The $.99 kindle book is becoming popular among indie authors thanks to the success stories of such writers as John Locke, who sits exclusively on the $.99 mark and has 3-4 titles in the top 10 of Amazon's bestseller list. He is the $.99 kindle champion. Other fast-selling indie authors on kindle such as Joe Konrath and Amanda Hocking have both $.99 and $2.99 titles with their one dollar-novels selling hand over fist. It seemed then that the new sweet spot is $.99. It "magically" catapults titles to top 100 and pulls the other titles in an author's portfolio. Too bad, it's not shooting me to the skies.

The $.99 price is not doing it for me because:

  • I'm new. I'm not even a month old on the kindle store.
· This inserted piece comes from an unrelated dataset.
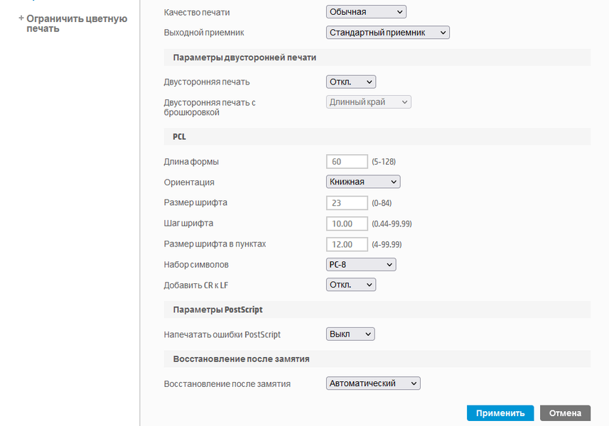 Одностороннюю печать мы опробовали на бумаге с плотность 220 г/м² и установкой «Бумага HP для брошюр, глянцевая, 200 г» — семь листов отработаны нормально, проблем с запеканием тонера нет, но скорость печати существенно меньше, чем с обычной бумагой. Для дуплекса взяли бумагу 200 г/м² (установка та же), пять листов с двух сторон отпечатаны без застреваний.

Right now, I'm selling 1 copy of my book per day. While it's a good start, I take a look at the sales page on Amazon and really want to go watch a movie or play Angry Birds instead of finishing the next book.
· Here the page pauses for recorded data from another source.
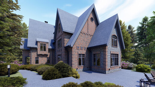 Проект загородного дома в стиле Тюдор. Автор Насонова Анна. 2022 г
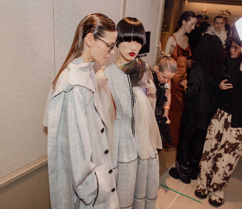 Anna Cofone, Global Creative Advocate for Authentic Beauty Concept explains the hair inspiration for the show: “We wanted the hair to reflect Roksanda’s exploration of form – high gloss shapes with curves and graphic lines that felt both modern and timeless. Using Authentic Beauty Concept’s Cosmic Blow-Dry Jelly we created looks that were fluid yet structured, enhancing the strength of the collection while staying true to Authentic Beauty Concept’s ethos of mindful beauty.”
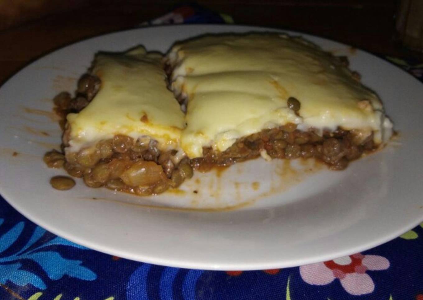 - En una fuente de vidrio o la que tengan, colocamos todo el relleno de lentejas, aplanamos con ayuda de una cuchara, por arriba vertemos la salsa blanca, acomodamos bien para que llegue a todos lados, llevamos a un horno 200° por 20', pueden agregarle queso magro arriba queda muy bueno. Espero que les guste!!
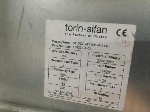 Centrifugaal ventilator 3250m³; 230V; 1140W; ca 37x40x37cm; Nee Merk: Torin Sifan Model: ACDDC241-241 Type: 3250m³

  • I have only one book currently on the kindle store priced at $.99 and it's not a loss-leader to anything. 
  • I feel slighted every time I see $.99 next to the book on Amazon. Writing that book was like climbing Everest. Coupled with the fact that I had to monkey around with HTML to do the formatting and labor on Photoshop to make the cover myself, it's depressing to see it go for such low price. The only thing that can make up for that is to have the book selling faster than the iPad.
  • 35% royalty on that price point is relatively terrible. If Amazon wished to discourage the race to the bottom with that percentage, it is not succeeding. How about making it 70% across board, Amazon dear? Or is there another reason for the 35%?
  • I am a writer outside the US. Not only is it darn harder to write for and publish on the kindle store, I have to wait 60 days for a small check to ship. It will take 30 more days before I can drag the check through international financial clearance and have the paltry money in my account. IRS will shave off 30% of my net earnings and international bank transfer fees will take off God-knows-what percentage. The world is supposed to be flat. Well, it's a little bent from where I'm standing.
It's hard being a writer. It's terrible being a new writer with next to no audience. Writing a good book is perhaps only 10% of the work needed for an indie writer. I've got to be very, very lucky and that reminds me that I need to go do my usual morning prayer to the gods of Amazon's Recommendation algorithm.

Well, at least Kindle gives me a shot. Traditional/Legacy publishing? No hope of a snowball or smile in hell!